NIO Achieves Significant Rebound in Operating Data in Q3, Consolidating its Leading Position in New Car Manufacturing
Author: Kaijun Qiu
Editor: Kaijun Qiu
NIO saw a significant rebound in its operating data in Q3, consolidating its leading position in new car manufacturing.
On November 11, NIO released its Q3 financial report, with a revenue of 13 billion RMB, a YoY increase of 32.6%, and a delivery of 31,600 vehicles, a YoY increase of 29.3%.
“We launched and delivered three new car models, comprehensively improved our product competitiveness, entered more high-end niche markets, and propelled the sustained growth of demand,” said William Li, founder, chairman, and CEO of NIO, during the Q3 earnings conference call.

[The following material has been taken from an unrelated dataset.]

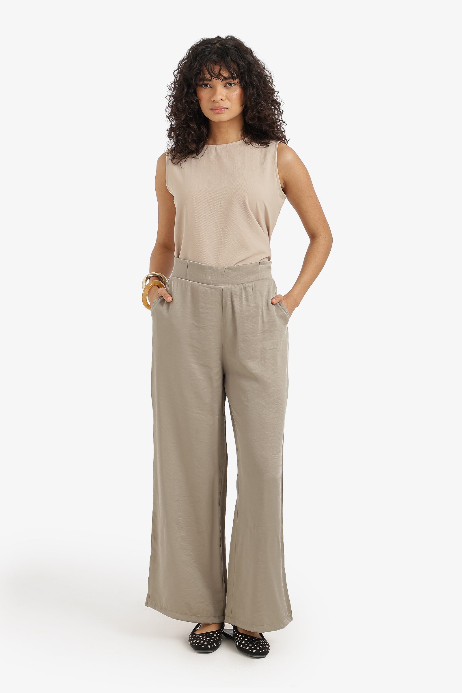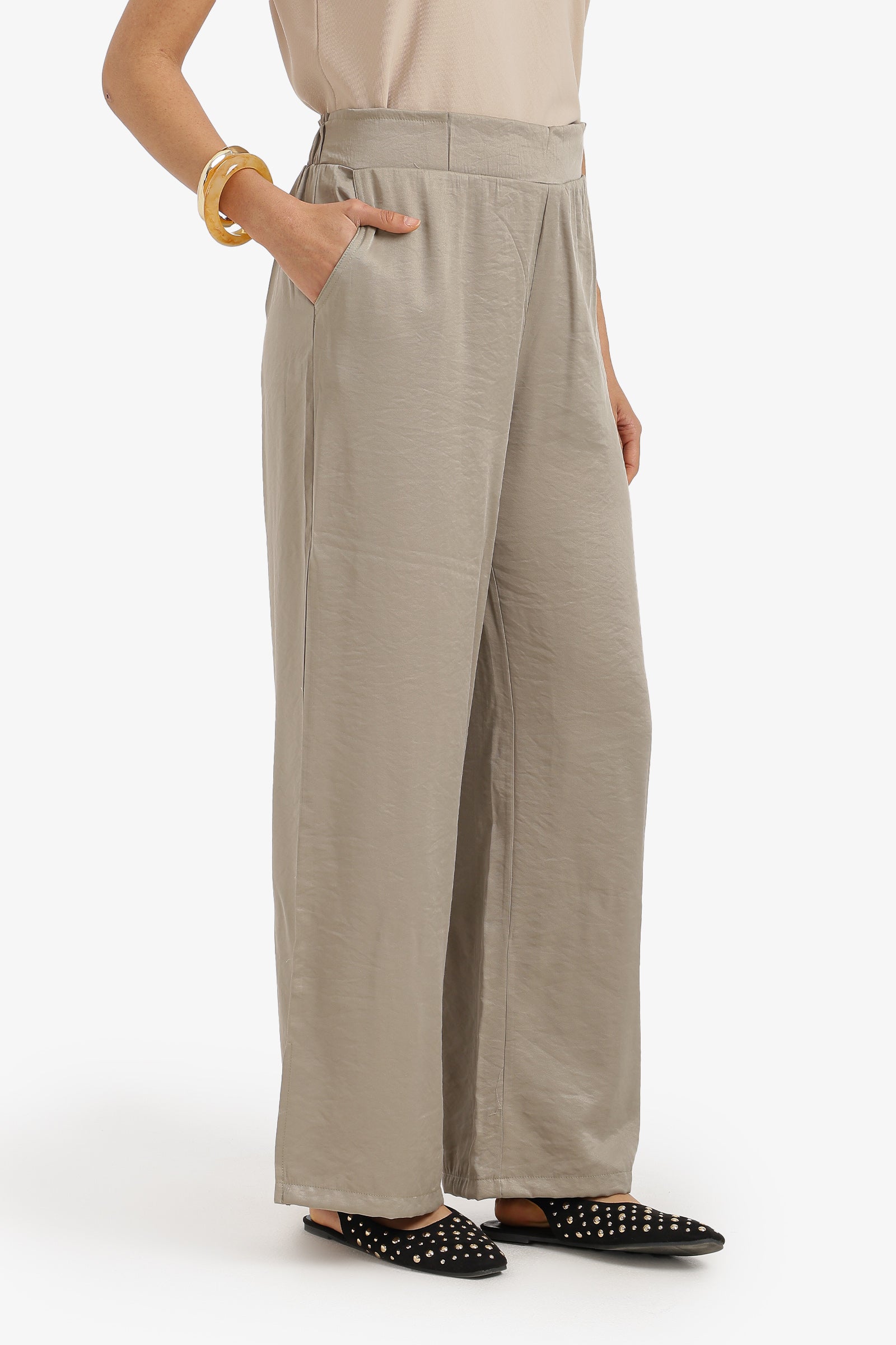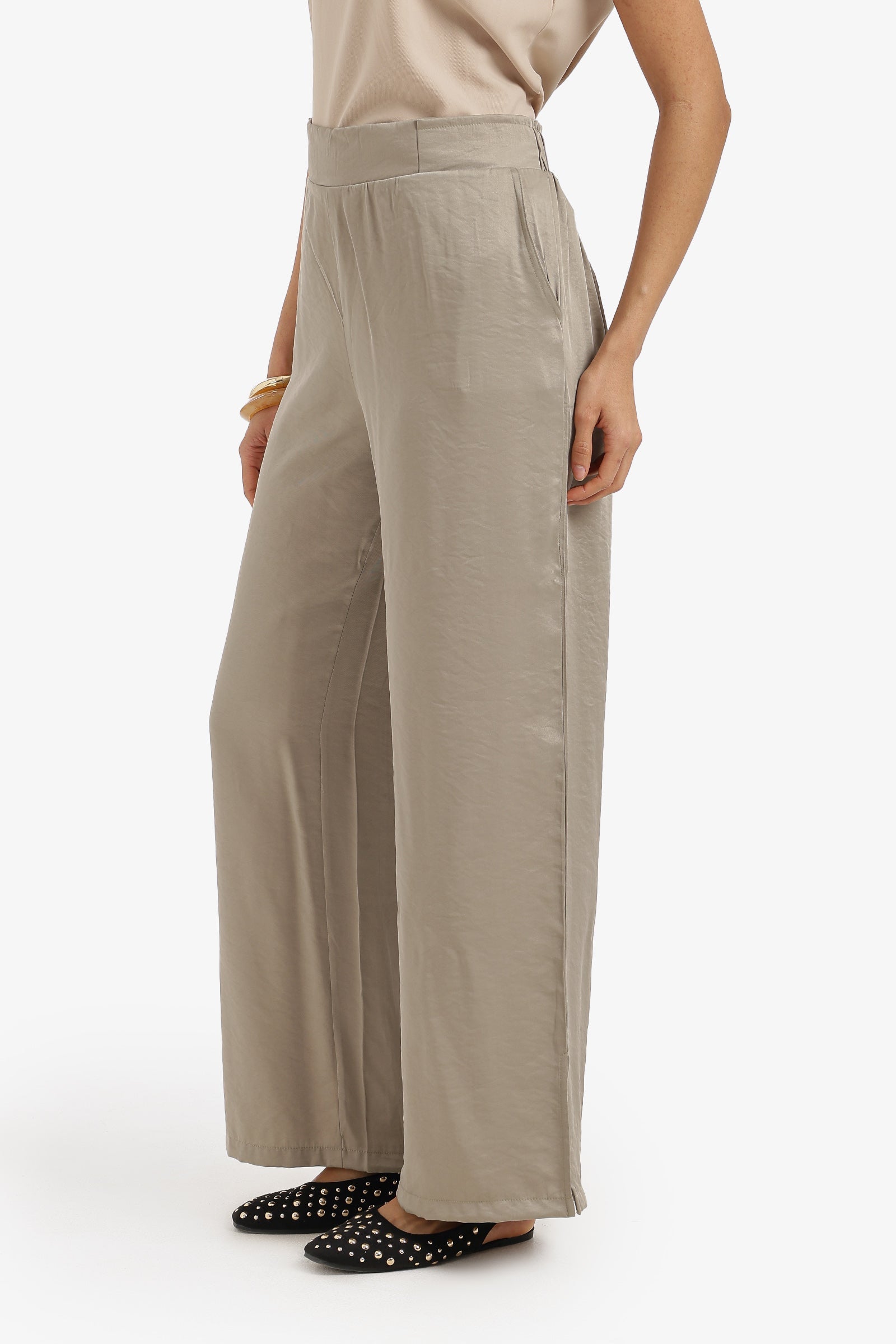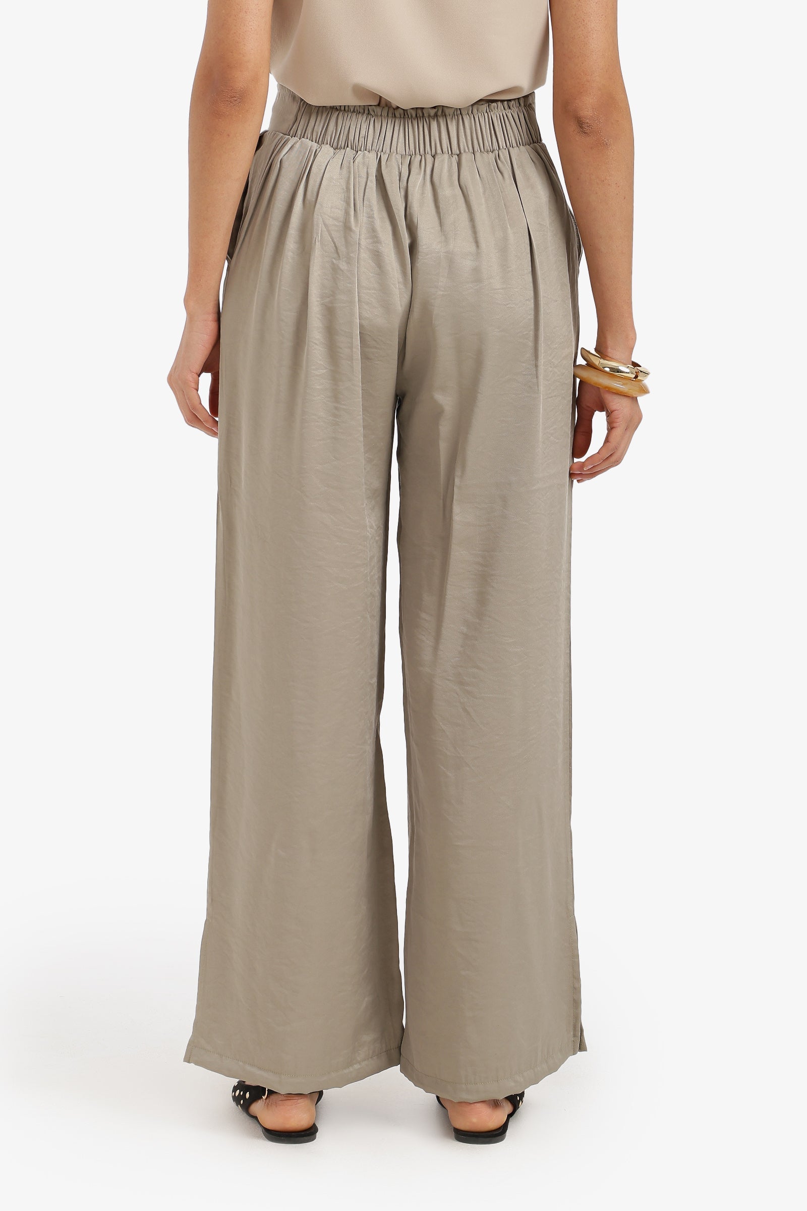 Plain Elasticated Waist Wide-Leg Pants – Olive

NIO staged a remarkable comeback in Q3, climbing out of the pit of COVID-19 production halts, delivering a large volume of the new platform models, improving cash flow, and substantially increasing research and development. Building on this foundation, NIO will launch a multi-model, multi-brand scale war in 2023 and 2024.

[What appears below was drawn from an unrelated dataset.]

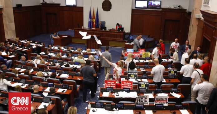 Οι βουλευτές του δεξιού αντιπολιτευόμενου κόμματος VMRO-DPMNE, που αντιτίθεται στην πρόταση και στο συμβιβασμό με τη Βουλγαρία απείχαν από την ψηφοφορία.

“Next year, we will introduce five new models, and one of them will be the NIO Model Y… By the first half of next year, up to June, we will have eight models on sale,” Li said. In addition, they expect “one car to reach 50,000 monthly sales” for the upcoming mass-market brand model.
Clearly, NIO is ready to become a mainstream car company.
Rapid Recovery in Growth
In terms of core data, NIO achieved a Q3 revenue of RMB 13 billion, reaching a new record high for a single quarter, and most importantly, it has resumed its rapid growth momentum. In the preceding three quarters, NIO’s revenue was all around RMB 10 billion, but Q3 increased by 26.33% QoQ. For companies on the upward trajectory, high growth is the passing line.
Revenue came mainly from car sales. NIO delivered 31,600 vehicles in Q3, with monthly deliveries staying above 10,000, and remaining stable. Q1 was the annual low point, Q2 was heavily hit by the Shanghai epidemic, with deliveries falling to about 5,000 in April, slightly recovering in May, and returning to above 10,000 in June.
And, during this period, NIO’s old and new products have completed upgrades, and the three new cars ET7, ES7, and ET5 incubated by the second generation platform have become the main force.
In the conference call, William Li said that NIO has basically overcome the previous supply chain and production capacity limitations.
“Supply chain still faces challenges, and the delivery number in December will be limited by the power semiconductor. Excluding the impact of the epidemic, the supply chain and production capacity are not the delivery bottlenecks.”
In terms of production capacity, “we have a total production capacity of 300,000 with two bases of 150,000 each per shift. In the short term, it can support our entire production.”
He revealed that in December he hopes to achieve a production target of 20,000 units per month.
On the demand side, NIO is very confident. In response to Tesla’s continuous price reductions and promotional activities, Li Bin said, “The demand for ET5 is undoubtedly very strong, in line with expectations. Tesla’s price reduction is not a new thing and has no impact on NIO’s demand. Due to the price difference, Tesla Model 3 and Model Y are not in the same range as NIO.“
Unfortunately, NIO’s gross vehicle margin continued to decline in the third quarter, to 16.4%. NIO’s vehicle margin was 18.1% in Q1, and 16.7% in Q2.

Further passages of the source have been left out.